On a cold December morning, Spindler and I set off to find the marble tablet. In the city, everything about his appearance had seemed chosen to avoid attention. But in the mountains he wore a red-checked wool hunting shirt, a floppy white Tilley safari hat, high-end La Sportiva mountaineering boots, and large elk-leather gloves designed for utility-line workers by J. Edwards of Chicago. He looked like a scarecrow of specialty gear—some limbs equipped for hard labor, others for intense recreation. Over the years, Spindler had determined that this was precisely the right ensemble for the Great Wall, where thorns and branches are common. For a face mask, he’d cut a leg off a pair of sweatpants, scissored a round hole, and pulled it over his head. (“It covers your neck.”) He wore polyurethane-coated L. L. Bean hunting trousers that had been reinforced by his neighborhood tailor. Denim patches covered the pants, like a friendship quilt linking Freeport and Beijing.
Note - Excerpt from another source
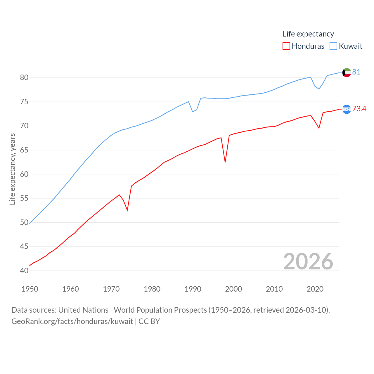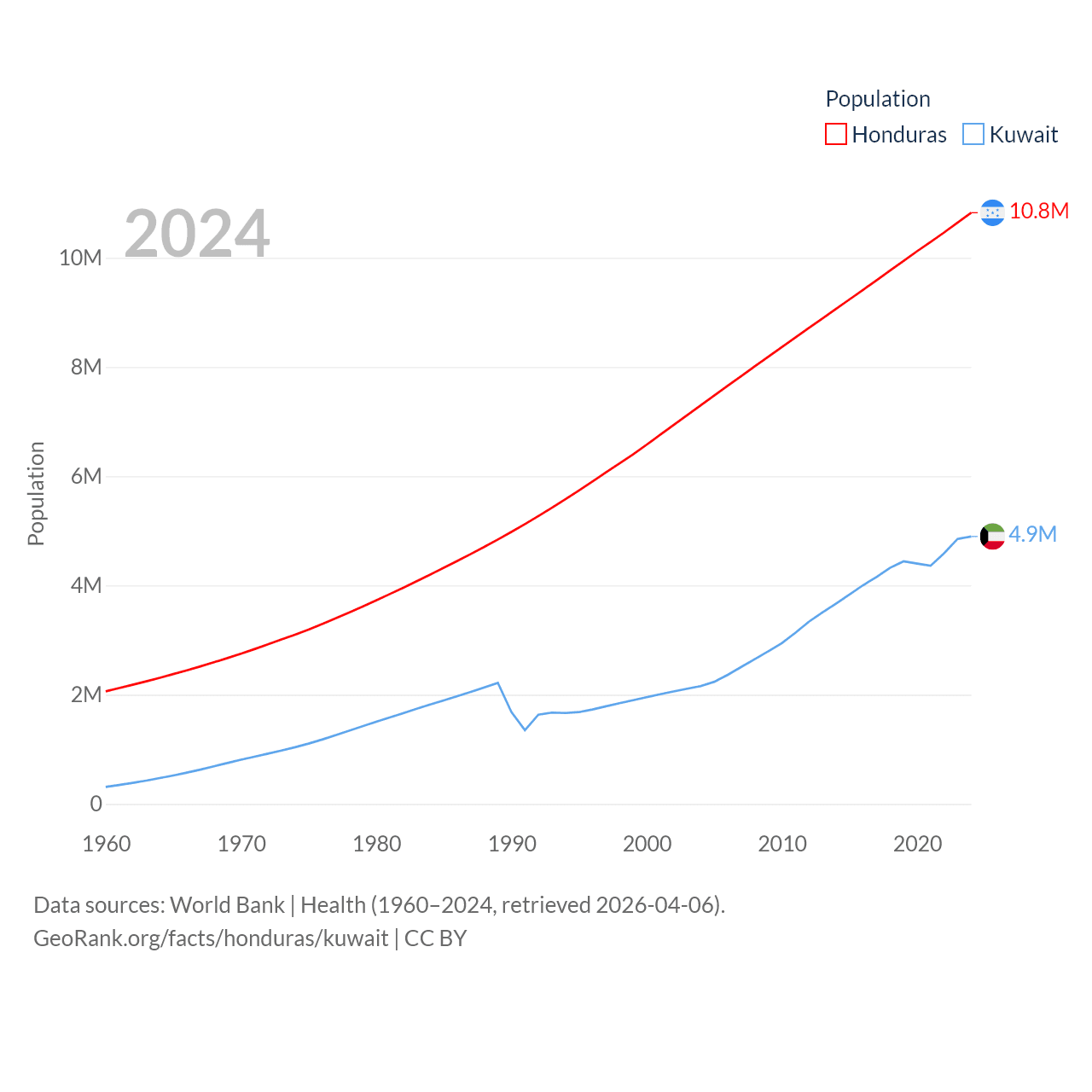 Honduras has a population of 10.8M (ranked 89/197), compared with 4.9M in Kuwait (ranked 127/197). Honduras' land area is 43,201 sq mi versus 6,880 sq mi for Kuwait (ranked 100th vs. 153rd).

They find the smashed tablet. Spindler recognizes it immediately as a piece of tablet that dated to 1614. He even finds the place in the wall where it belongs. Hessler writes, 

Spindler took a tape measure to the fragment, calculated the space between lines, and quickly computed the original dimensions. Slowly, he walked back along the wall, looking for a place where it could have been mounted. He measured an empty brick-bordered ledge: perfect fit. For this small section of the wall, he now knew the basic story of two construction campaigns in the sixteen-tens. Before leaving, we returned the fragment to the spot where I had found it.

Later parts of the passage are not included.